## Items from a dataset
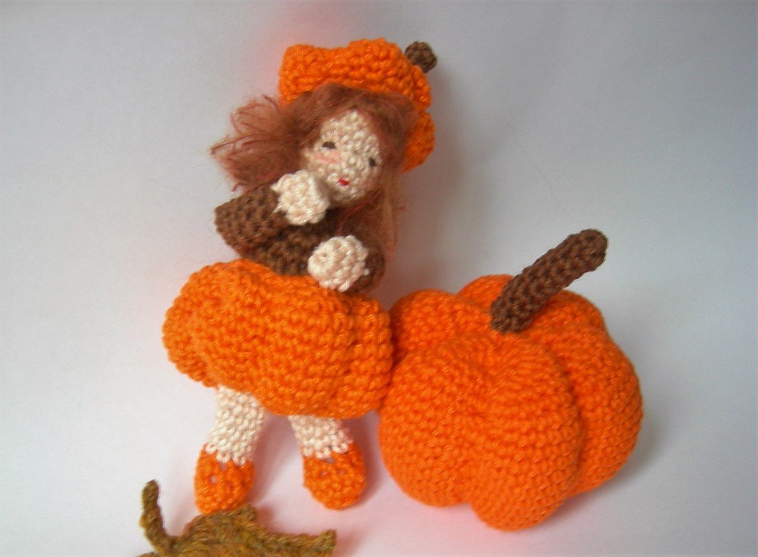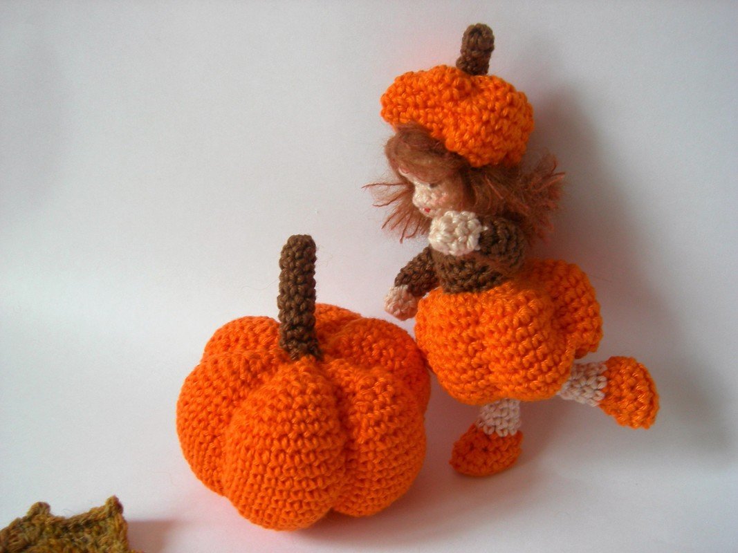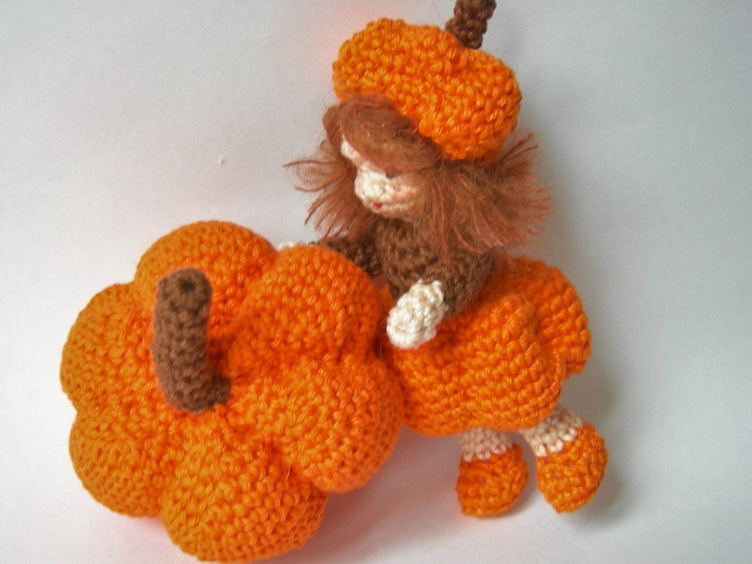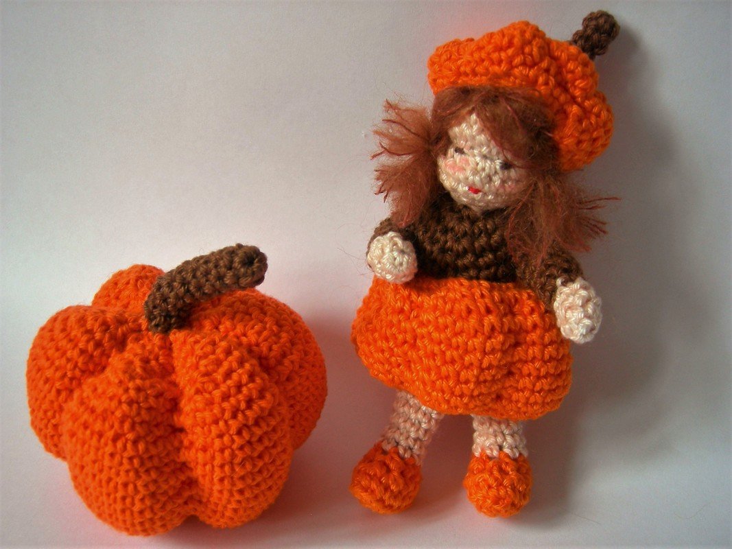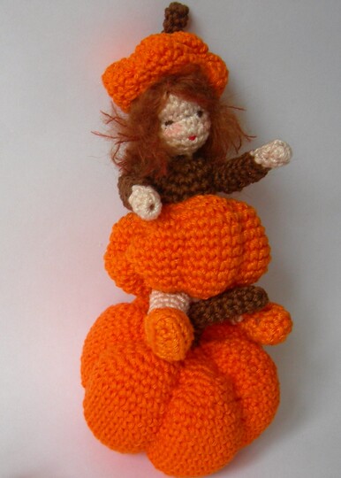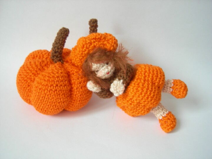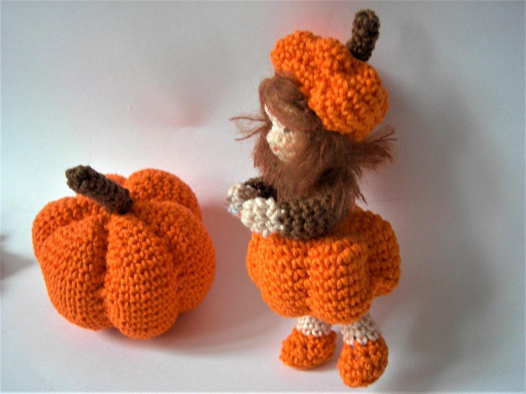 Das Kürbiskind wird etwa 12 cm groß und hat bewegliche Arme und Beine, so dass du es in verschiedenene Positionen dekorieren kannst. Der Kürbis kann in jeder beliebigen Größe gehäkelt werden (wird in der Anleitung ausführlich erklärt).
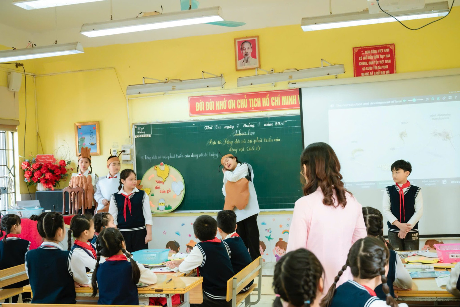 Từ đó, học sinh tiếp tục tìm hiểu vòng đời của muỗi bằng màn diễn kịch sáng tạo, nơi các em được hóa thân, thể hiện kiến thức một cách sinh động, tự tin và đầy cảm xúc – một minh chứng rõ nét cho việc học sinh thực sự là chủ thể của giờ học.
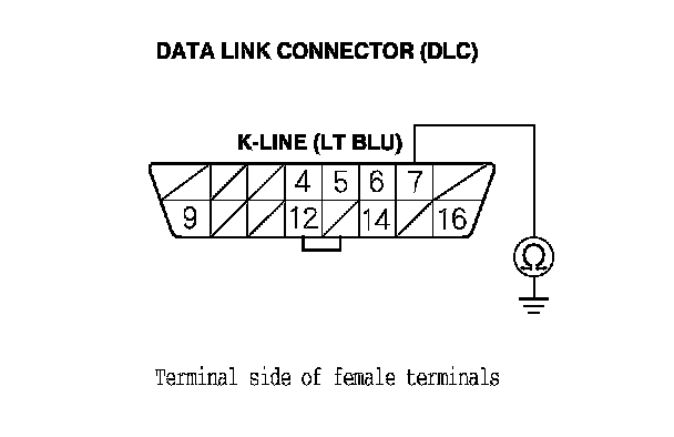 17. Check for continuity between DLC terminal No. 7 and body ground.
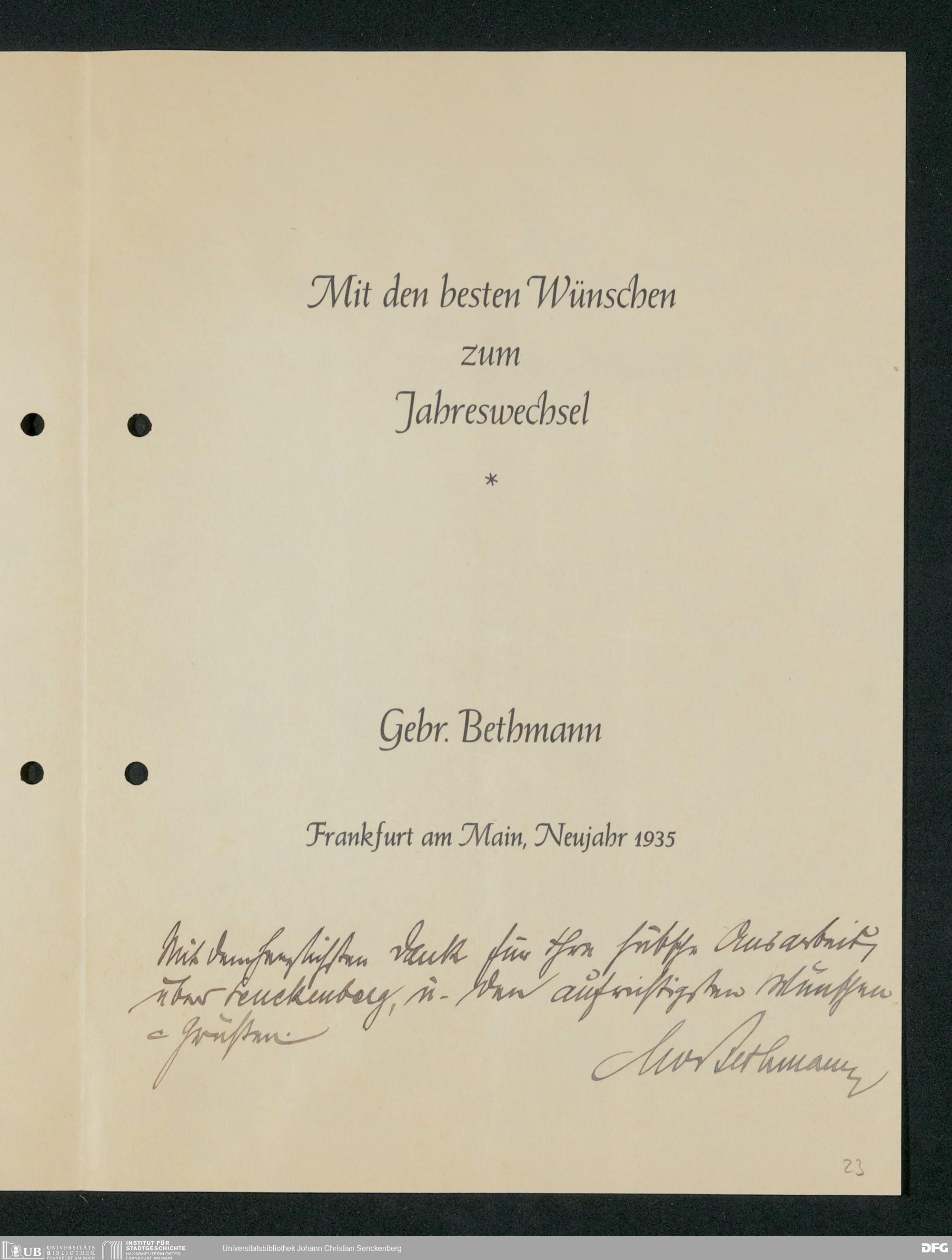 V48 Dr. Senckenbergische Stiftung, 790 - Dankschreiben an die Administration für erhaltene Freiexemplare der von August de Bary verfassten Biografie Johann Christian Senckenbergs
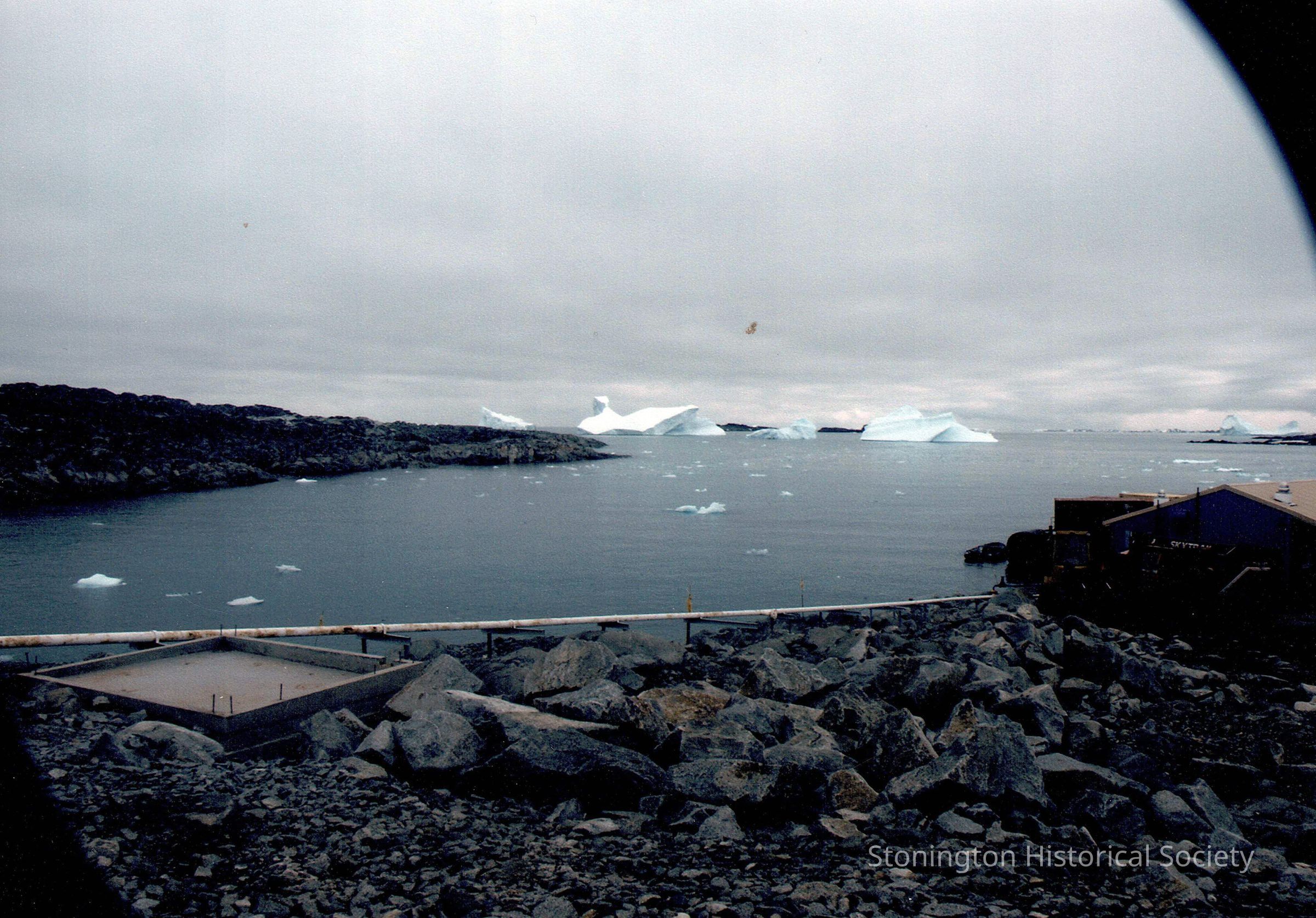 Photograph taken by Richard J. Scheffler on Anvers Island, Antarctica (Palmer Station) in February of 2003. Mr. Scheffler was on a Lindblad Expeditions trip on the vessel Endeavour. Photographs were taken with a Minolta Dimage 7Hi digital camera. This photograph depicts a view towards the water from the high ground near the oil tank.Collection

## Exercise goal
Working from the line containing "V48 Dr. Senckenbergische" to the last line of the data, retype every line exactly, both ends included, and leave out all pictures.

## Exercise solution
 V48 Dr. Senckenbergische Stiftung, 790 - Dankschreiben an die Administration für erhaltene Freiexemplare der von August de Bary verfassten Biografie Johann Christian Senckenbergs
 Photograph taken by Richard J. Scheffler on Anvers Island, Antarctica (Palmer Station) in February of 2003. Mr. Scheffler was on a Lindblad Expeditions trip on the vessel Endeavour. Photographs were taken with a Minolta Dimage 7Hi digital camera. This photograph depicts a view towards the water from the high ground near the oil tank.Collection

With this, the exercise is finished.